Break Ke Baad
Ignorant enough to count Slumdog Millionaire and My Name is Khan among the greatest Bollywood movies I have ever seen, it would be fraudulent of me to review this with relation to its peers. All I can do is review Break Ke Baad as a movie, and as a movie is heavily flawed.
Starring Imran Khan and Deepika Padukone as squabbling childhood sweethearts Abhay Gulati and Aaliya Khan, Danish Aslam’s directorial début promises a quirky romantic comedy that takes tried and tested tropes and spins them on their head. Failing spectacularly, Break Ke Baad instead serves up a conventional love story but without the charm and sincerity that the genre needs to affect in any meaningful way.

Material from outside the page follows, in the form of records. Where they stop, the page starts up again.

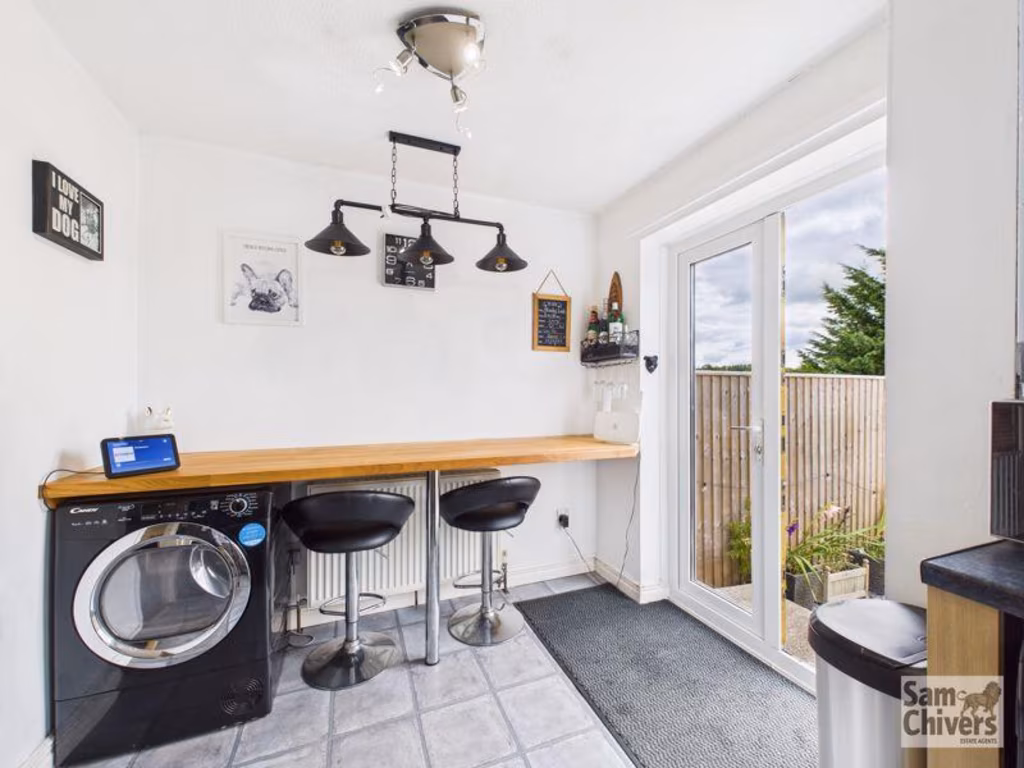 This neat two-bedroom mid-terrace sits at the end of a quiet cul-de-sac in Radstock, offering an easy-to-manage home for a first-time buyer or couple. The ground floor has an entrance lobby, lounge with front window and useful under-stair storage, plus a kitchen-dining room that opens onto a sunny south-facing garden.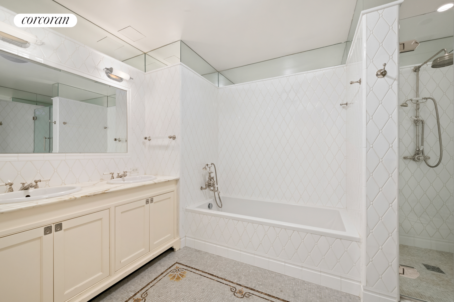 The rooms of 1807 at 1 Central Park South are grand in proportion offering a large living area with room for dining and a generously sized bedroom with en-suite bath. The primary bath and the powder room feature a custom marble mosaic patterned floor derived from the historic Plaza lobbies with fixtures and fittings exclusively crafted by Lefroy Brooks and Kohler. The custom gourmet kitchen has appliances by Viking and Miele with Nero Marquina stone counter tops and a white mosaic Calacatta marble tile backsplash.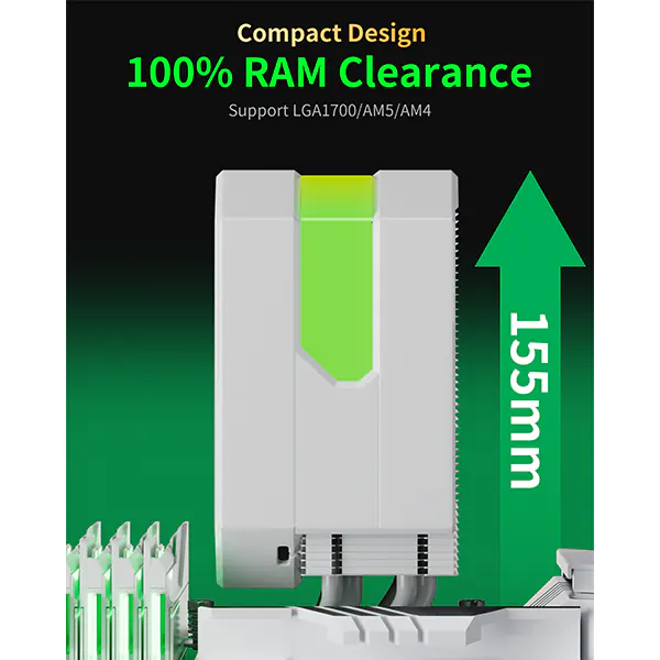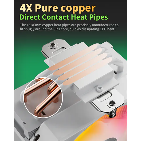 upHere UP1TC4C ARGB CPU Air Cooler – White is designed for efficient cooling with a compact size of 155 x 130 x 71 mm. It features a durable aluminum and copper cold plate measuring 40 x 35 mm for improved heat transfer. The heatsink is made of aluminum, ensuring effective heat dissipation. The cooler has four copper heat pipes, providing a cooling capacity of up to 230W. This helps in maintaining stable temperatures during high-performance computing.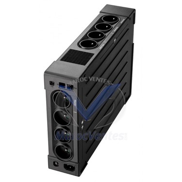 Connectivité Quantité des sorties 8 Types de sortie AC Type E (FR) Prise mâle C14 coupler Ports (RJ11) du modem 1 Quantité de Ports USB 2.0 1 Nombre de port ethernet LAN (RJ-45) 1 Batterie Technologie batterie Sealed Lead Acid (VRLA) Temps de secours type à demi de charge 9 min Démarrage à froid

When Aaliya Khan realises that there is more to life than love, accepting a scholarship to an Australian acting university without telling those closest to her, she hurts her devoted boyfriend of ten years by leaving India without him. Unable to accept the inevitable, Abhay Gulati chases her to Australia to prove his love and win her back once and for all.
For a romantic comedy to work the audience must care about the relationship at stake. Even when one of the parties must learn some lesson or drop some irritating characteristic, if you have invested in their relationship you will forgive whatever character flaw they must work to overcome. Describing their trial separation as a break – and refuting the meaning of the term – draws unflattering comparisons to the characters of Ross and Rachel on the television programme Friends. However, while the producers of that show took advantage of the audience’s collective investment by drawing the character’s final consummation out over entire seasons of TV, Aslam’s characters are just not relatable enough to provoke such involvement. Before they have even broken up it is clear that these two individuals do not belong together, making it impossible to relate to Gulati’s ongoing attempts to win his ex-girlfriend back.
More damaging is the misguided characterisation of Aaliya Khan. So self-centred is her character, that focusing the film on her efforts to thwart the advancements of her ex all but destroys the movie. Impulsive, independent and self-aware, the character is a clear attempt at inverting the maudlin sensibilities of the genre. However, whereas quirky 500 Days of Summer‘s Summer refused to commit to Tom for a number of organic and believable reasons, Khan’s reasoning appears petulant at best. Invoking unwanted flashbacks to Carrie Bradshaw’s aversion to having a television in the bedroom “just because”, you will spend the entire movie waiting for her to have some epiphany regarding her insufferable ways and learn to appreciate those that, against all odds, love her for who she is. Instead, if there is a lesson to be learnt in Break Ke Baad, it is taught to the wrong person.
Vapid, misconceived and thoroughly uninvolving, Break Ke Baad has less emotional resonance than an episode of Prescription: Passion or any other show-within-a-show. Too self-aware to be poignant, the film bombards its audience with more character quirks than actual characters, leaving only Gulati to make an impression as the dutiful boyfriend who, prior to the unnecessary interval at least, has a shot of surviving this rawkus with some dignity intact.